Paddle to the Sea Movie Poster

US Release Date: 01-17-1967

Directed by: Bill Mason


  • Stanley Jackson
  • Commentary
Reviewed on: February 4th, 2011
Paddle-to-the-Sea meets a passing water snake.

Paddle-to-the-Sea meets a passing water snake.

Paddle to the Sea is a magical little movie (just 28 minutes long) based on the 1941 children’s book of the same name by Holling C. Holling. I remember watching it several times in school as a boy and loving its simple yet fascinating story. Only years later did I learn that it had been nominated for an Oscar in 1967 (the same year I was born) for Best Live Action Short.
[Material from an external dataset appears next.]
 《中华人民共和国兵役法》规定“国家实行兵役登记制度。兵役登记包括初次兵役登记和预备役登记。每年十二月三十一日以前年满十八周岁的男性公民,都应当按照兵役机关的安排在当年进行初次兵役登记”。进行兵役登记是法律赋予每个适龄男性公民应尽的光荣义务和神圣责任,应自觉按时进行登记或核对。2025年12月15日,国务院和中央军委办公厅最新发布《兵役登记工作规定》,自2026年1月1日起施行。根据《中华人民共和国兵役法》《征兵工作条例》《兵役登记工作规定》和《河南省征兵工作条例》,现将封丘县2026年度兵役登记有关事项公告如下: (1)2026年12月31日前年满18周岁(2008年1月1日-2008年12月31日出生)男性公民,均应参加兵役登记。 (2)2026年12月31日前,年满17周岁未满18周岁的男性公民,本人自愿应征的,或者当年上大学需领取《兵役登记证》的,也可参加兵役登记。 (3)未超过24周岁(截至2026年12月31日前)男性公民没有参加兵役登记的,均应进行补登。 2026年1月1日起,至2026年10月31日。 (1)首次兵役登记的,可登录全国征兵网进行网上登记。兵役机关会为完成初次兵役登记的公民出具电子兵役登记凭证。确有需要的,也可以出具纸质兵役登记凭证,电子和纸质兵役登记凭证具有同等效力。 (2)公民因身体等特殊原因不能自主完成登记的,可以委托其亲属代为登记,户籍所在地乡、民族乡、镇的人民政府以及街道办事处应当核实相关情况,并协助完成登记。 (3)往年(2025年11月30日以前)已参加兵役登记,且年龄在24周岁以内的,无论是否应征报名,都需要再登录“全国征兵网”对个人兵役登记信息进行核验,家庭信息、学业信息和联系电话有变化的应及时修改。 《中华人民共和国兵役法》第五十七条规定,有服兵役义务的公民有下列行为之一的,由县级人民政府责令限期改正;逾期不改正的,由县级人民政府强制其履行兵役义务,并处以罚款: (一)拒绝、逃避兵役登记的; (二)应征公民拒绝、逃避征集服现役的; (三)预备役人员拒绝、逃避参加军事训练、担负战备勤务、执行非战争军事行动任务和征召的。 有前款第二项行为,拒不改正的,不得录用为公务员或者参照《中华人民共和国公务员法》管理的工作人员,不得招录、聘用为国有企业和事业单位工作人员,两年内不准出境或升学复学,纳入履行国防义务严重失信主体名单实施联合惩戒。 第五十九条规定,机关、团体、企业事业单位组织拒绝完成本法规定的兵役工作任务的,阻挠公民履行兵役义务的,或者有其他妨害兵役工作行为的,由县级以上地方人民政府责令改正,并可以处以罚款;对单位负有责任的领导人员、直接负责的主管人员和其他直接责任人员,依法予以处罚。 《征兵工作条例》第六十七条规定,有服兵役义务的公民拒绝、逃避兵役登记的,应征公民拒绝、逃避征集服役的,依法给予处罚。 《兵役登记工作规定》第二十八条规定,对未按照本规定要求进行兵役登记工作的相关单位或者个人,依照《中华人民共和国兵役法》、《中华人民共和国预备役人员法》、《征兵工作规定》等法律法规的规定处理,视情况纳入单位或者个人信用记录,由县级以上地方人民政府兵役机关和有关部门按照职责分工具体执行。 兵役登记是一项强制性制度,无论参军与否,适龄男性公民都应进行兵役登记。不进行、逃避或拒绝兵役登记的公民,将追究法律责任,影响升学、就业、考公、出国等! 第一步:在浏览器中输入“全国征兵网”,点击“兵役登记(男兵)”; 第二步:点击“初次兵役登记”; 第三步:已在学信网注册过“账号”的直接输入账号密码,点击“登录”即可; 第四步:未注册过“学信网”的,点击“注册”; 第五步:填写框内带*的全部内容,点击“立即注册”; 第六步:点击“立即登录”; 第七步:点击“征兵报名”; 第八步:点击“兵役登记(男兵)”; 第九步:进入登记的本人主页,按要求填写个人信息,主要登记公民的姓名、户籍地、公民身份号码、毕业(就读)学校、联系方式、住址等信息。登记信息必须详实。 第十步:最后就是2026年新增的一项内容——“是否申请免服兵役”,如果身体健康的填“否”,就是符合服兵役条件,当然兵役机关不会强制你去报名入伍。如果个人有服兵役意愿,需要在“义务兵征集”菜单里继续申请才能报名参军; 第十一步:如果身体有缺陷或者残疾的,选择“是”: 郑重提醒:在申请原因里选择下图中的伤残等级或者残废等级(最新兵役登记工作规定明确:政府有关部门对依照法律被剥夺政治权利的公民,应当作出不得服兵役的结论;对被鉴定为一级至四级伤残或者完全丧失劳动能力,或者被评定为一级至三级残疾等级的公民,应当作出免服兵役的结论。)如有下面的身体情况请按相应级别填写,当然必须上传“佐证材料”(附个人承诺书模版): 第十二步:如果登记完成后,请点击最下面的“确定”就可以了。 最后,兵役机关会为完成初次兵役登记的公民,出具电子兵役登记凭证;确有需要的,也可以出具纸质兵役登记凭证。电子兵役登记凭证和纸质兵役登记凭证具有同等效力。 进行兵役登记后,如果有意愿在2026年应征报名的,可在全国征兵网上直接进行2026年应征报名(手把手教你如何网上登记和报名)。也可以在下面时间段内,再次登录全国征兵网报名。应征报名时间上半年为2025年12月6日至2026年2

Paddle-to-the-Sea is the name given to a small wooden Indian figure and canoe carved out of pine wood by a young boy living in a log cabin in the woods of Ontario, Canada somewhere north of Lake Superior. On the canoe’s bottom the boy carves the words, “I am Paddle-to-the-Sea” and “Please put me back in the water”. He then melts some lead and pours it into a small indentation he has dug out of the bottom of the canoe to keep it upright in the water. The boy carefully paints his creation. He plans to launch his handiwork on a journey all the way to the Atlantic Ocean come spring.
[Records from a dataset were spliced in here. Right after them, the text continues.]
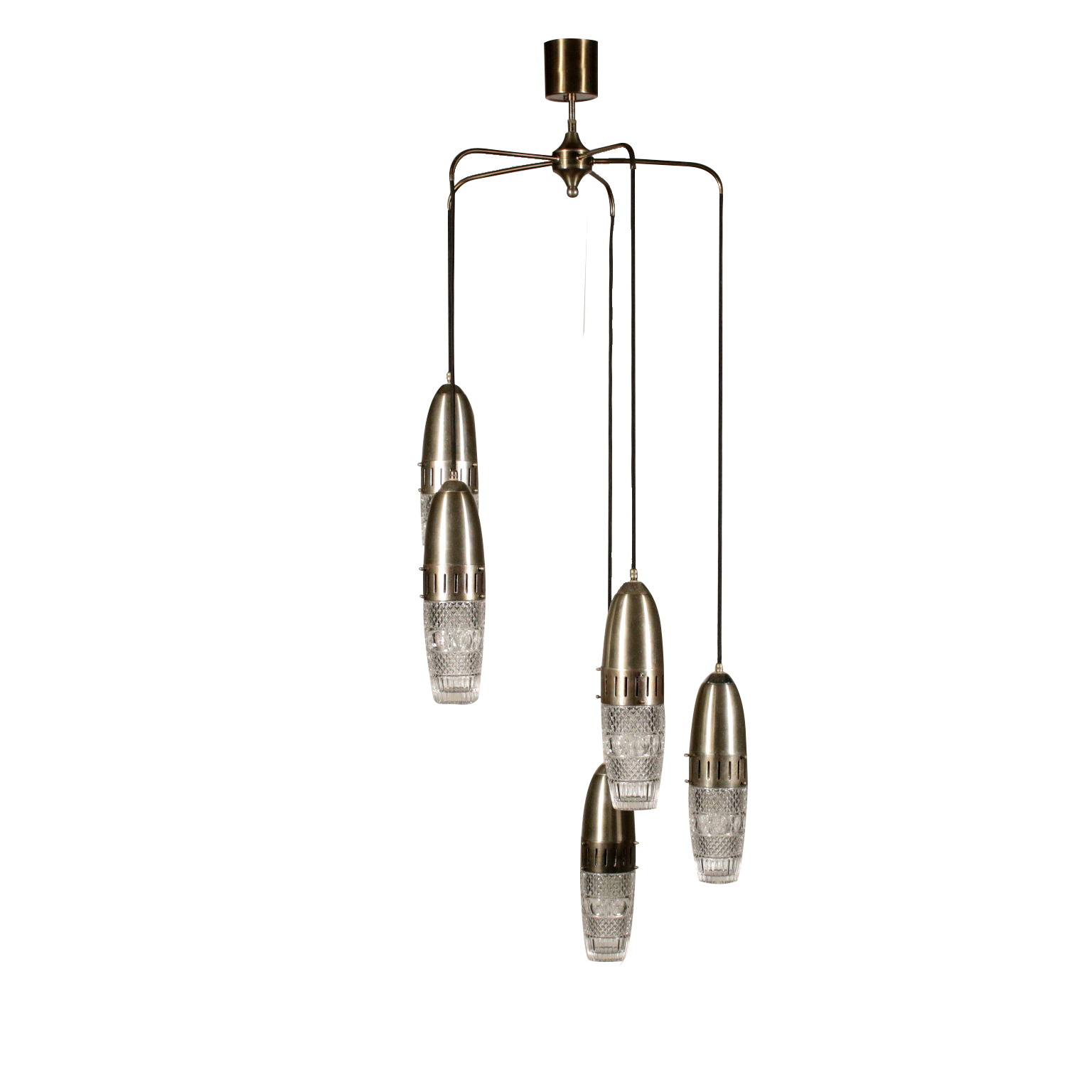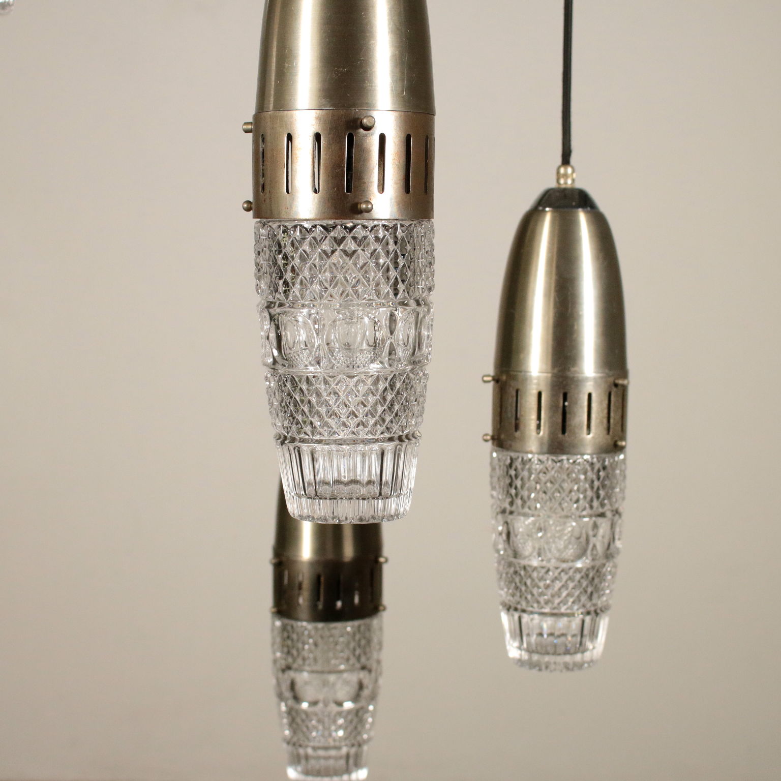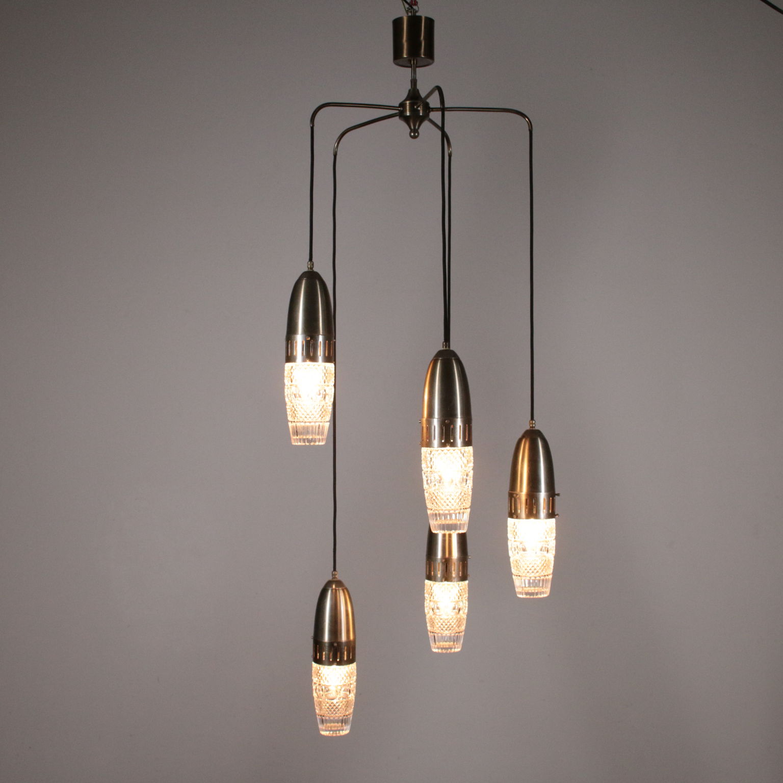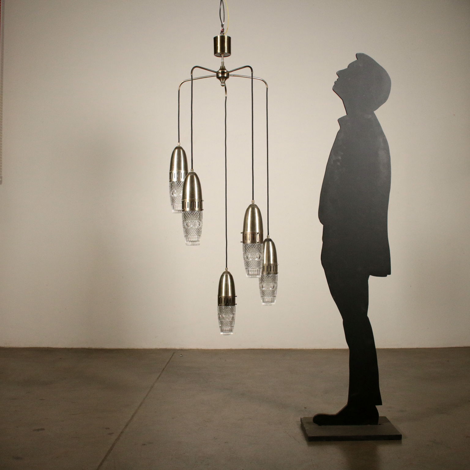 Deckenleuchte mit fünf Lichter. Metall und verchromtes Aluminium, Glas. Hergestellt in Italien, 60er-70er Jahre.
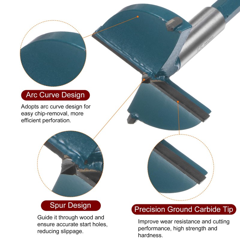3 spurs help guide it through wood and ensure accurate start holes, reducing slippage. Arc curve design head for easy chip-removal, more efficient perforation. Forstner drill bit enables precise, fast and clean drilling.
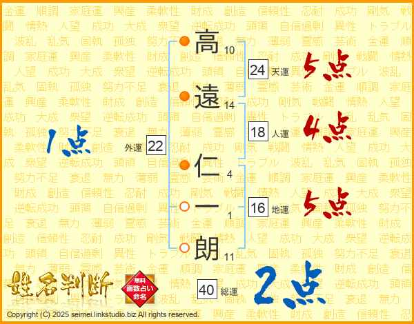 高遠仁一朗さんの総運は40画の2点!
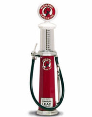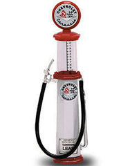 1950's Authentic Gas Pump Island Set with Accessories. Set includes: two 3.5" long digital Red Crown gasoline pumps, one shovel, one push broom, two gas cans, four traffic cones and one bucket. Features detailed 1:24 scale diecast replica of the 1950's gas pump, pad printed graphics, and working hose nozzle.

It is a journey of more than 2,000 miles and it takes Paddle-to-the-Sea over 2 years to complete it. He has many adventures along the way including encounters with a curious chipmunk, foraging birds, a slithering water snake, a frightened frog, a busy beaver and an alert deer.

Paddle experiences the world of mankind. He has several close calls with children. He gets hooked on a fishing line and caught in a fisherman’s net. He gets covered with slimy pollution and is nearly crushed by a towering ship, but despite these obstacles he always manages to stay afloat.
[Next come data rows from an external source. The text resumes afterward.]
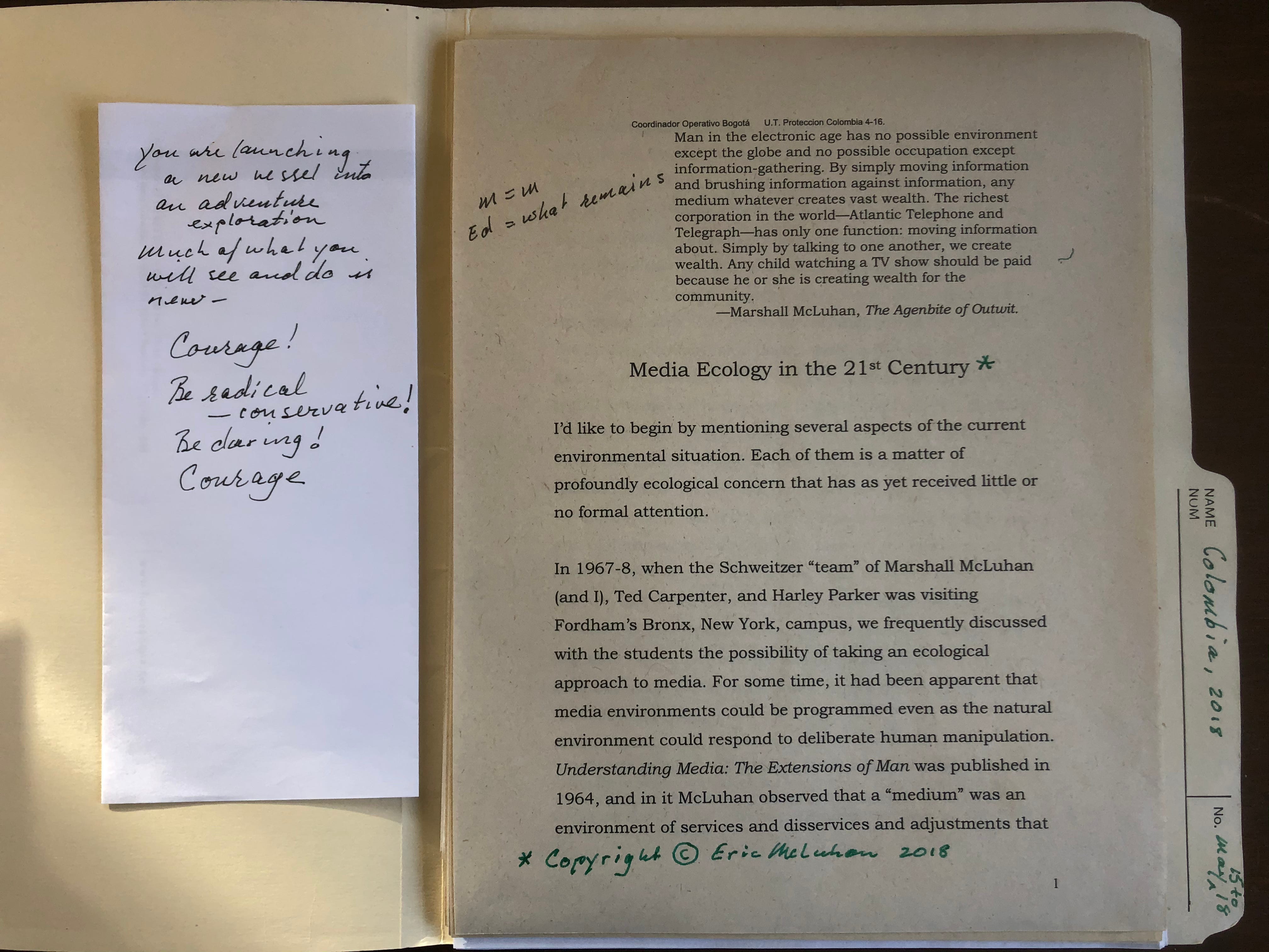 ‘Media Ecology in the 21st Century’ delivered May 17, 2018, would be his last word on many matters.
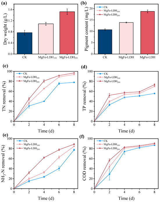 Effect of MgFe-LDH on nutrient removal by C. pyrenoidosa; (a) dry weight of C. pyrenoidosa; (b) pigment content of C. pyrenoidosa; (c) TN removal; (d) TP removal rate; (e) NH3-N removal; (f) COD removal.
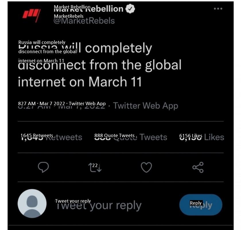 Russia changed its system to an intranet system from March 11th.
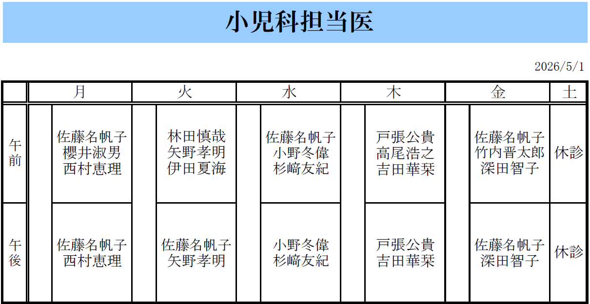5月1日から小児科外来の担当医が一部変更となりますので、お知らせいたします。
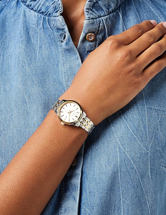 Caja de acero inoxidable pulido en tono plateado y una esfera en tono nácar, este modelo ofrece una estética refinada y moderna. Los marcadores y agujas plateados aportan un toque sofisticado que lo convierte en una opción ideal para cualquier ocasión, ya sea una reunión formal o un evento casual. Su movimiento de cuarzo japonés garantiza precisión y fiabilidad, mientras que la resistencia al agua de 50 metros

Paddle spends the winter encased in ice and snow, sails by Detroit as Fourth of July fireworks explode in the night sky and even survives the plunge over Niagara Falls. He eventually reaches the sea and is found by a lighthouse keeper. This man repaints the now faded Paddle-to-the-Sea and considers whether or not to add him to his toy boat collection or to send him off into the ocean on his way to wherever the wind and tides will take him.

The story is simple but exciting with a voice-over narration that adds a touch of drama. The cinematography is exceptional. We see much of the journey from the eye level of Paddle-to-the-Sea. Although he is just a piece of wood carved into the figure of an Indian in a canoe you will come to think of Paddle-to-the-Sea as a living character on a unique odyssey into the unknown.

Many movies from childhood disappoint us as adults. Paddle to the Sea is that rare exception. Its whimsical adventure charms me now just as it did when I was 10 and time has been kind enough to add a warm layer of nostalgia.